We have to show that R is an equivalence relation.
Reflexivity:
Let (a, b) be an arbitrary element of A × A. Then, we have:
(a, b) ∈ A × A
⇒ a, b ∈ A
⇒ a + b = b + a (by commutativity of addition on A ⊂ ℕ)
⇒ (a, b) R (a, b)
Thus, (a, b) R (a, b) for all (a, b) ∈ A × A.
So, R is reflexive.
Symmetry:
Let (a, b), (c, d) ∈ A × A such that (a, b) R (c, d).
a + d = b + c
⇒ b + c = a + d
⇒ c + b = d + a (by commutativity of addition on A ⊂ ℕ)
⇒ (c, d) R (a, b)
Thus, (a, b) R (c, d) ⇒ (c, d) R (a, b) for all (a, b), (c, d) ∈ A × A.
So, R is symmetric
Transitivity:
Let (a, b), (c, d), (e, f) ∈ A × A such that (a, b) R (c, d) and (c, d) R (e, f). Then, we have:
(a, b) R (c, d)
⇒ a + d = b + c ... (1)
(c, d) R (e, f)
⇒ c + f = d + e ... (2)
Adding equations (1) and (2), we get:
(a + d) + (c + f) = (b + c) + (d + e)
⇒ a + f = b + e
⇒ (a, b) R (e, f)
Thus, (a, b) R (c, d) and (c, d) R (e, f) ⇒ (a, b) R (e, f) for all (a, b), (c, d), (e, f) ∈ A × A.

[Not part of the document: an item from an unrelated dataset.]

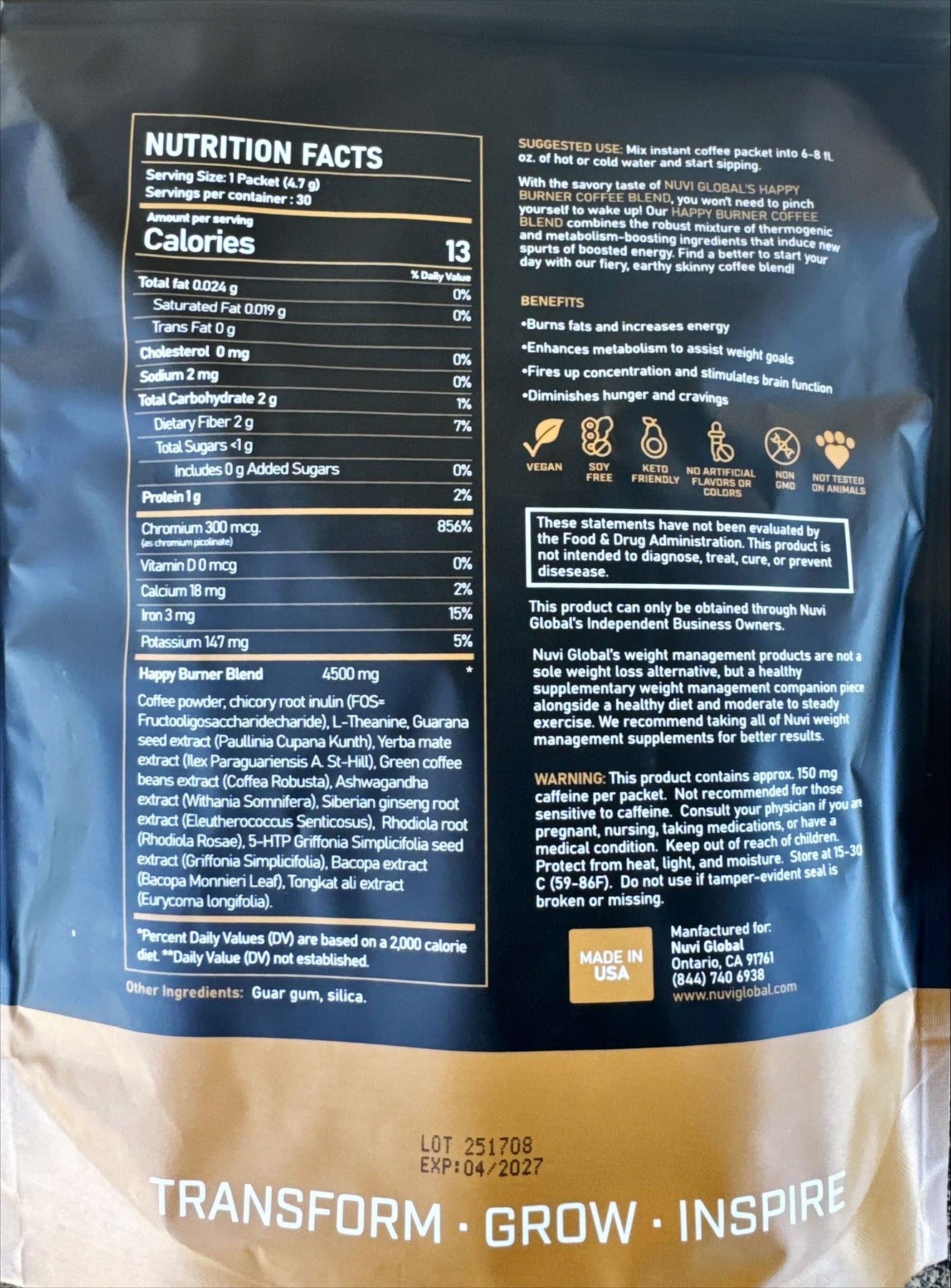 A vegan, soy-free, skinny coffee blend with no artificial flavors, colors, or preservatives. The earthy plant-based blend increases high metabolism, which helps give the fat-incinerators a jolt to our system. Best of all, our Happy Burner fires up the noggin for more focused concentration and brain function and leaves those annoying jitters behind.

So, R is transitive on A × A.
Thus, R is reflexive, symmetric and transitive.
∴ R is an equivalence relation.
To write the equivalence class of [(2, 5)], we need to search all the elements of the type (a, b) such that 2 + b = 5 + a.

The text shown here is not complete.